So I wanted to see if I could make fractal flames using matplotlib and figured a good test would be the sierpinski triangle. I modified a working version I had that simply performed the chaos game by normalizing the x range from -2, 2 to 0, 400 and the y range from 0, 2 to 0, 200. I also truncated the x and y coordinates to 2 decimal places and multiplied by 100 so that the coordinates could be put in to a matrix that I could apply a color map to. Here's the code I'm working on right now (please forgive the messiness):
import numpy as np
import matplotlib.pyplot as plt
import math
import random
def f(x, y, n):
N = np.array([[x, y]])
M = np.array([[1/2.0, 0], [0, 1/2.0]])
b = np.array([[.5], [0]])
b2 = np.array([[0], [.5]])
if n == 0:
return np.dot(M, N.T)
elif n == 1:
return np.dot(M, N.T) + 2*b
elif n == 2:
return np.dot(M, N.T) + 2*b2
elif n == 3:
return np.dot(M, N.T) - 2*b
def norm_x(n, minX_1, maxX_1, minX_2, maxX_2):
rng = maxX_1 - minX_1
n = (n - minX_1) / rng
rng_2 = maxX_2 - minX_2
n = (n * rng_2) + minX_2
return n
def norm_y(n, minY_1, maxY_1, minY_2, maxY_2):
rng = maxY_1 - minY_1
n = (n - minY_1) / rng
rng_2 = maxY_2 - minY_2
n = (n * rng_2) + minY_2
return n
# Plot ranges
x_min, x_max = -2.0, 2.0
y_min, y_max = 0, 2.0
# Even intervals for points to compute orbits of
x_range = np.arange(x_min, x_max, (x_max - x_min) / 400.0)
y_range = np.arange(y_min, y_max, (y_max - y_min) / 200.0)
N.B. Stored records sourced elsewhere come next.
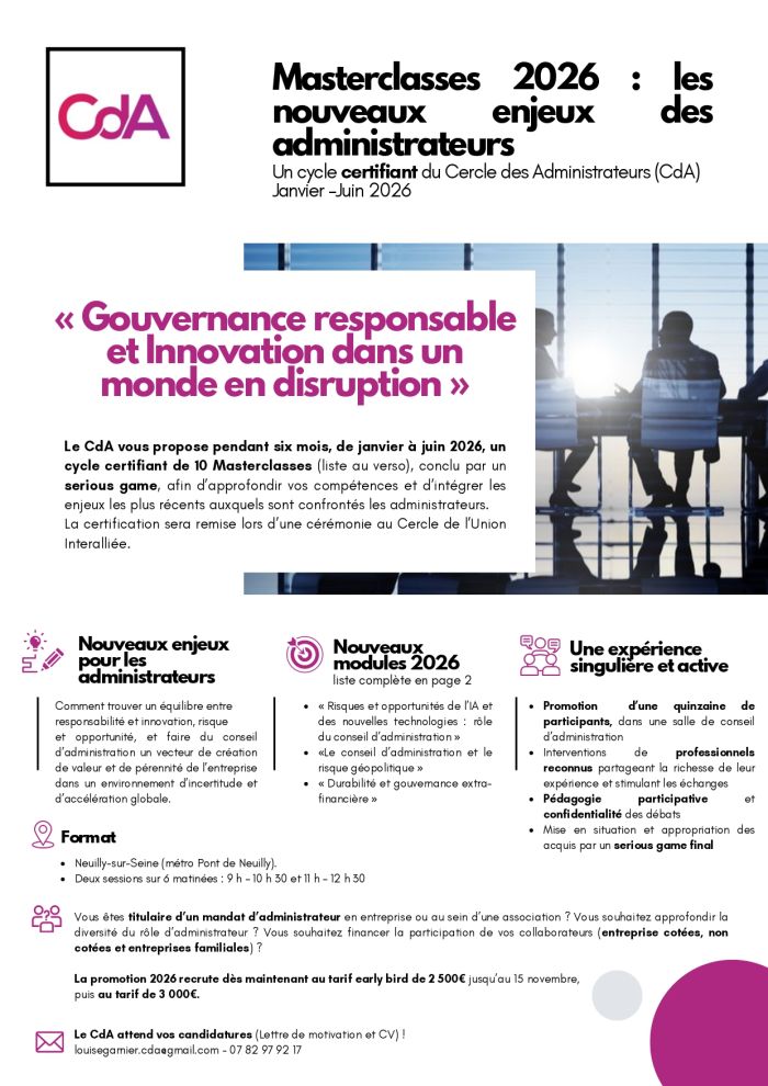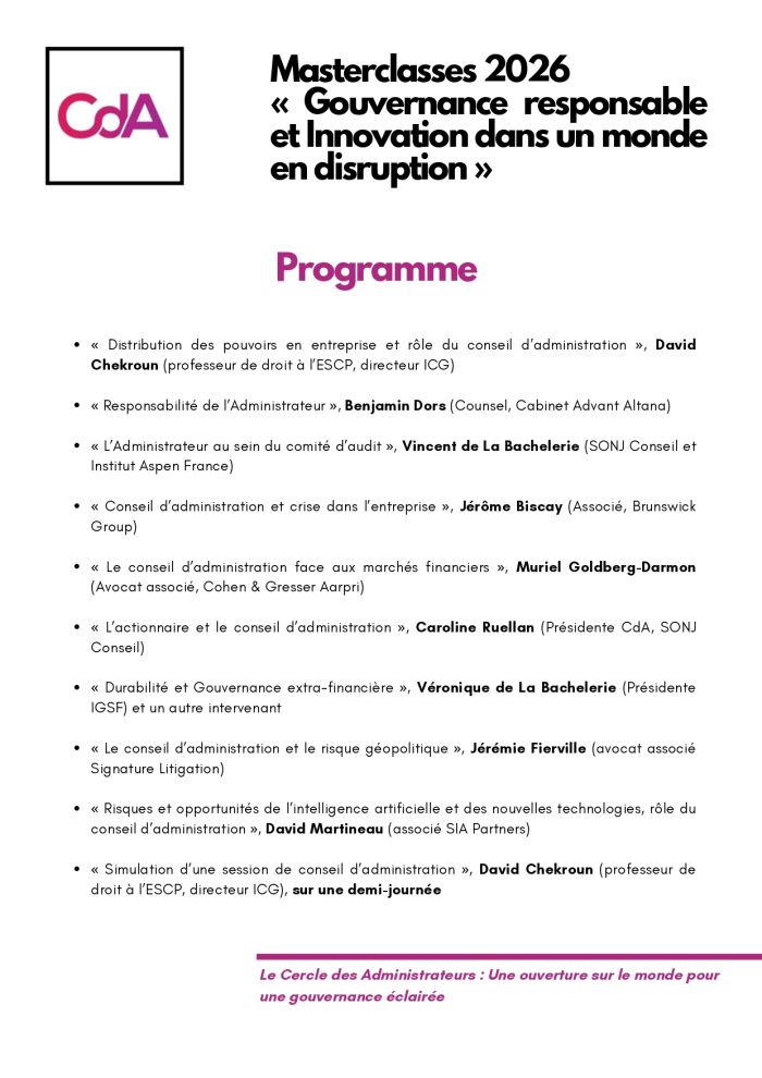 Caroline Ruellan, présidente du Cercle des Administrateurs, a le plaisir de vous annoncer le lancement d'un nouveau cycle de Masterclasses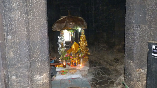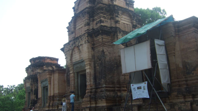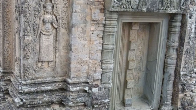 A pesar del cansancio del viaje, hicimos nuestra primera visita a los Templos de Prasat Kravan ( Khmer : ប្រាសាទ ក្រវាន់), con sus especiales y únicas esculturas de ladrillo… Este templo fue dedicado al dios Vishnú y construido en la primera mitad del siglo X. Está ubicado al este de Angkor Wat y el sur de Banteay Kdei. Las tallas de ladrillo en el interior de este monumento son únicos en la arquitectura Jemer. Y lo increíble es que las torres que forman una sola fila, cinco en total, están casi todas en perfecto estado.
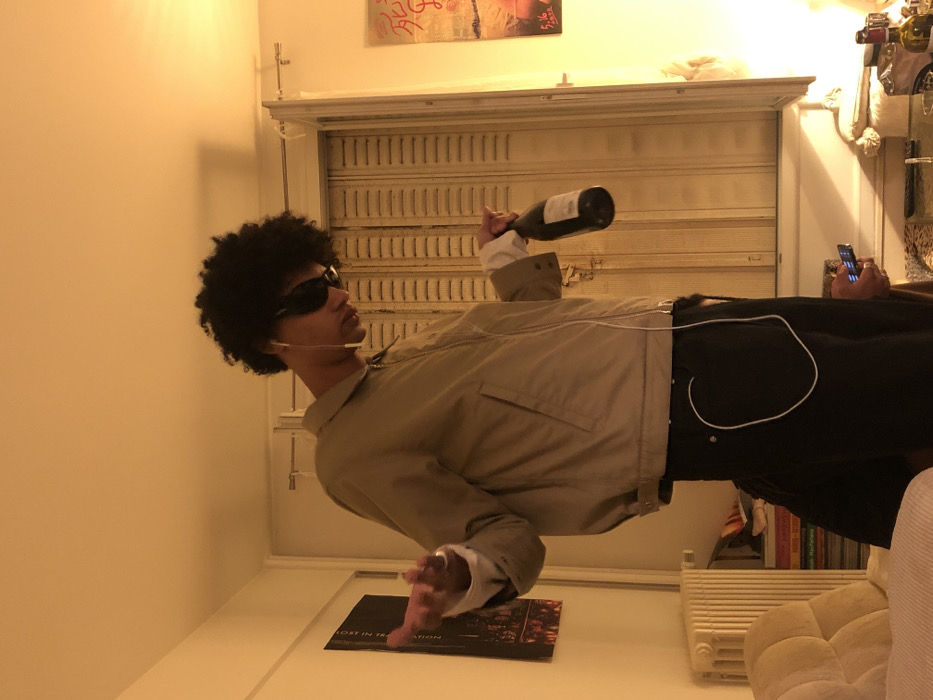 A person with an afro and sunglasses holds a wine bottle and a phone. They wear a light-colored jacket and dark pants. The person is in an indoor setting, likely a room. A decorative window or door frame is behind them. There is a poster or artwork above the frame. A small poster or photograph lies on the floor. A radiator and couch are also visible.

mat = np.zeros((len(x_range) + 1, len(y_range) + 1))
random.seed()
x = 1
y = 1
for i in range(0, 100000):
n = random.randint(0, 3)
V = f(x, y, n)
x = V.item(0)
y = V.item(1)
mat[norm_x(x, -2, 2, 0, 400), norm_y(y, 0, 2, 0, 200)] += 50
plt.xlabel('x0')
plt.ylabel('y')
fig = plt.figure(figsize=(10,10))
plt.imshow(mat, cmap="spectral", extent=[-2,2, 0, 2])
plt.show()
The mathematics seem solid here so I suspect something weird is going on with how I'm handling where things should go into the 'mat' matrix and how the values in there correspond to the colormap.